[Source records]
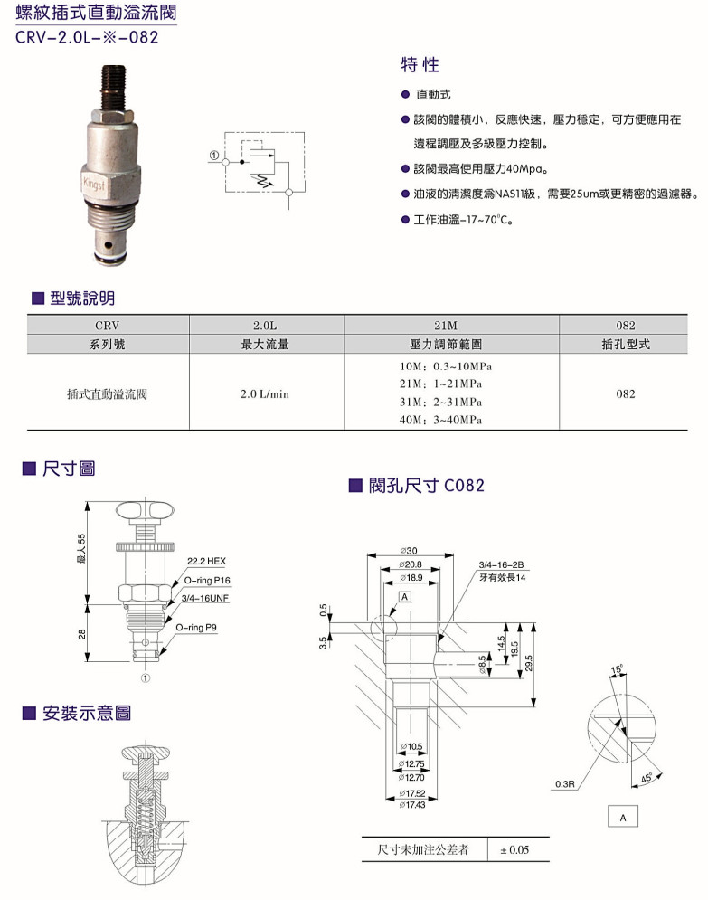CRV-2.0L-10M-82,CRV-2.0L-21M-82,CRV-2.0L-31M-82,CRV-2.0L-40M-82,螺紋插式直動溢流閥
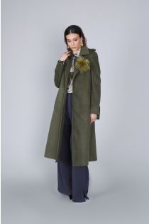 Long dressing gown-style coat with a belted waist and a removable feather brooch. Soft, enveloping, and trendy, ideal for a casual-chic look in the colder months. Regular fit. The model is 173 cm tall and wears a size S.
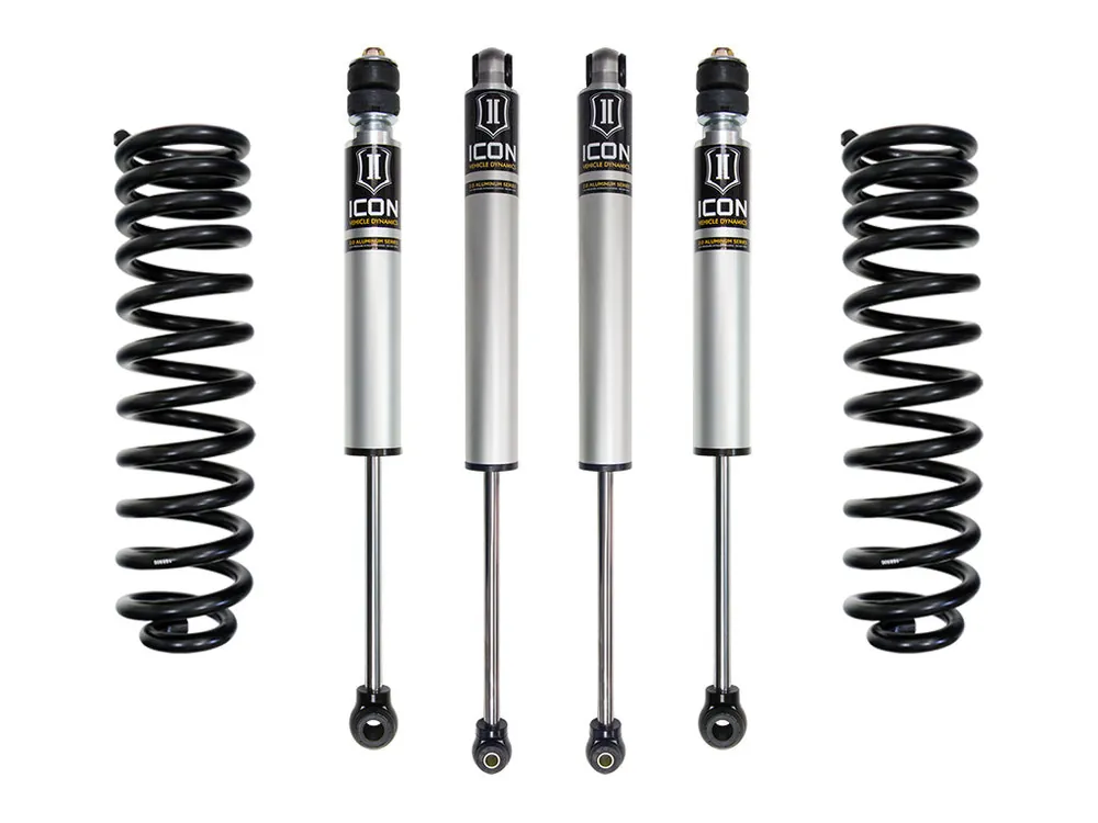 This ICON Vehicle Dynamics 2.5” suspension system is a great way to level your 4WD 2023 Ford F-250/F-350 Super Duty while drastically improving ride quality and performance. This entry level system is perfect for on-road and towing use, as well as mild off-road use like job site duty and washboard gravel roads. ICON’s Stage 1 System is comprised of dual rate coil springs optimized for trucks equipped with gasoline engines, alignment cams, and ICON 2.0 Aluminum Series front and rear shocks. With the endless hours ICON has spent testing and tuning our suspension components and shocks as a complete package, you can rest assured you have the best suspension solution on the market.
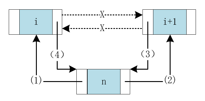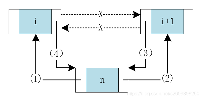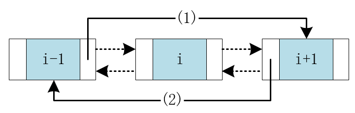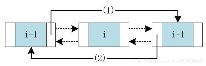 然后连接下一节点的前驱节点,最后修改前一节点的后驱节点。
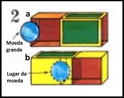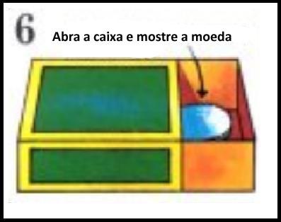 Depois mostre para alguém a caixa vazia e peça para que coloque uma moeda pequena. Esta moeda pequena deve ser vista por todos os espectadores.
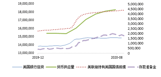危机当中金融机构普遍存在风险偏好下降的问题,为此,美联储购买国债为政府提供资金来源,政府增大财政支出推高货币供应量,弥补金融机构风险偏好下降带来的资金缺口。2008年下半年开始,金融危机持续发酵,雷曼兄弟、贝尔斯登等大型金融机构倒闭,引发了金融机构破产潮。为缓解市场恐慌情绪,2008年10月,美国国会通过了7000亿美元救市方案,财政支出增大快速推高了商业银行的存款准备金和货币供应量。随后美联储启动QE政策,持有国债规模开始上升,在银行信贷规模下降的情况下,货币供应量依然保持了较大规模的扩张(图7)。此次危机中,特朗普签署了2.2万亿美元的经济刺激计划,美联储持有国债、存款准备金、货币供应量(M2)等主要金融指标同步上升,但美国商业银行贷款规模增幅相对较慢,说明货币供应量的扩张有较大部分来自财政支出的贡献,财政支出的扩大弥补了银行信贷下行造成的社会资金需求缺口(图8)。
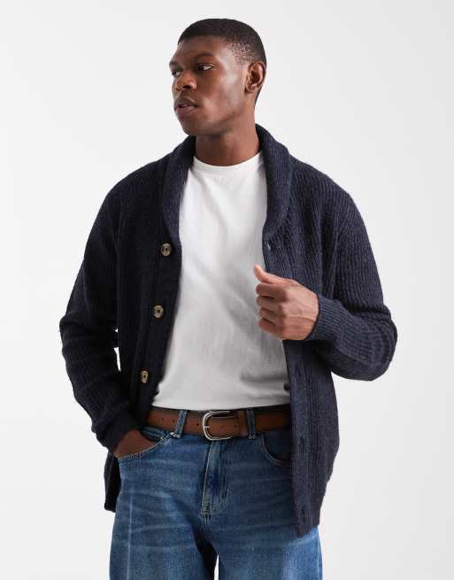 Threadbare – Strickjacke in Marineblau mit Schaldetail
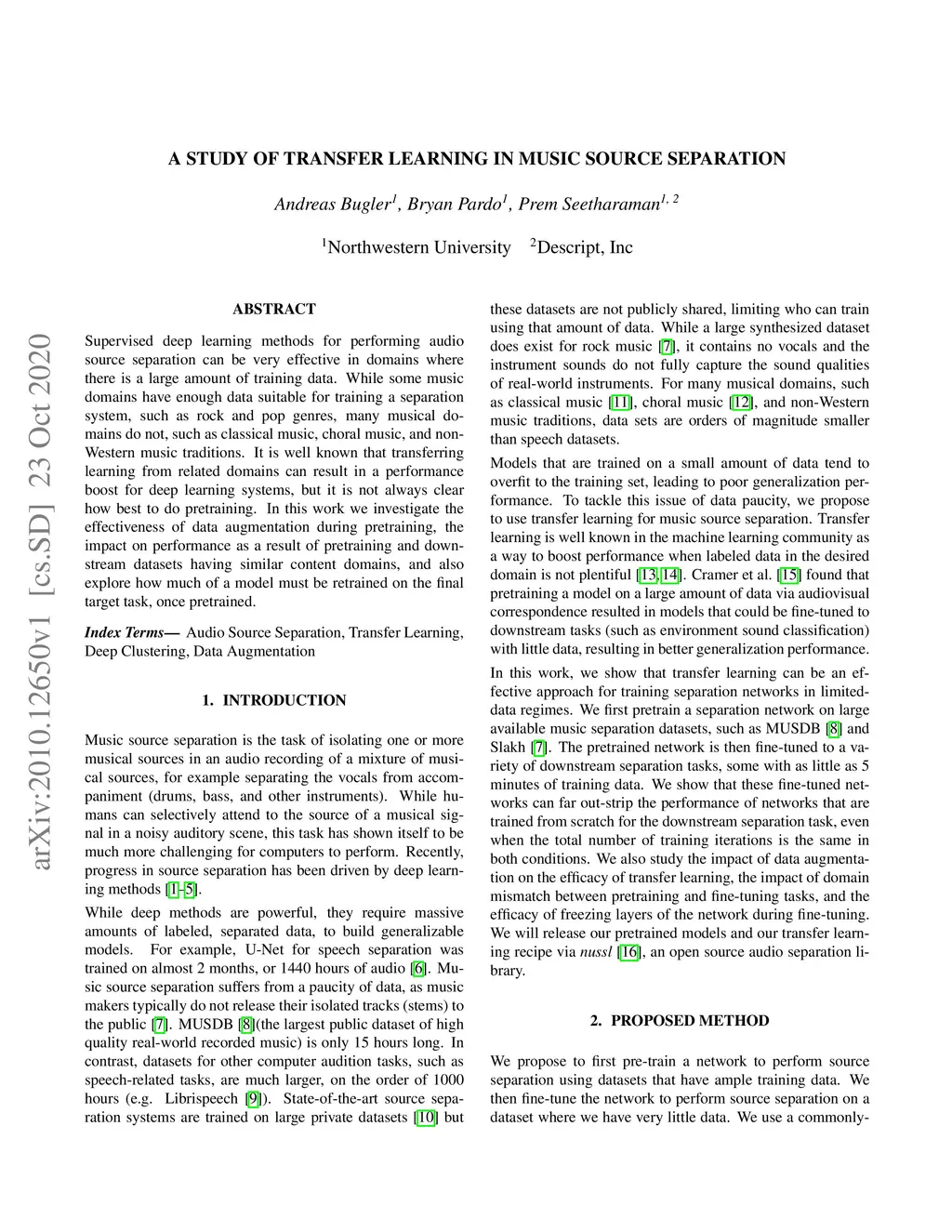 Supervised deep learning methods for performing audio source separation can be very effective in domains where there is a large amount of training data. While some music domains have enough data suitable for training a separation system, such as rock and pop genres, many musical domains do not, such as classical music, choral music, and non-Western music traditions. It is well known that transferring learning from related domains can result in a performance boost for deep learning systems, but it is not always clear how best to do pretraining. In this work we investigate the effectiveness of data augmentation during pretraining, the impact on performance as a result of pretraining and downstream datasets having similar content domains, and also explore how much of a model must be retrained on the final target task, once pretrained.

Task objective:
The line holding "This ICON Vehicle" starts the copy and the line holding "然后连接下一节点的前驱节点,最后修改前一节点的后驱节点。" ends it. Repeat those two lines above and all between them exactly, leaving out pictures.

Result of the exercise:
 This ICON Vehicle Dynamics 2.5” suspension system is a great way to level your 4WD 2023 Ford F-250/F-350 Super Duty while drastically improving ride quality and performance. This entry level system is perfect for on-road and towing use, as well as mild off-road use like job site duty and washboard gravel roads. ICON’s Stage 1 System is comprised of dual rate coil springs optimized for trucks equipped with gasoline engines, alignment cams, and ICON 2.0 Aluminum Series front and rear shocks. With the endless hours ICON has spent testing and tuning our suspension components and shocks as a complete package, you can rest assured you have the best suspension solution on the market.
 然后连接下一节点的前驱节点,最后修改前一节点的后驱节点。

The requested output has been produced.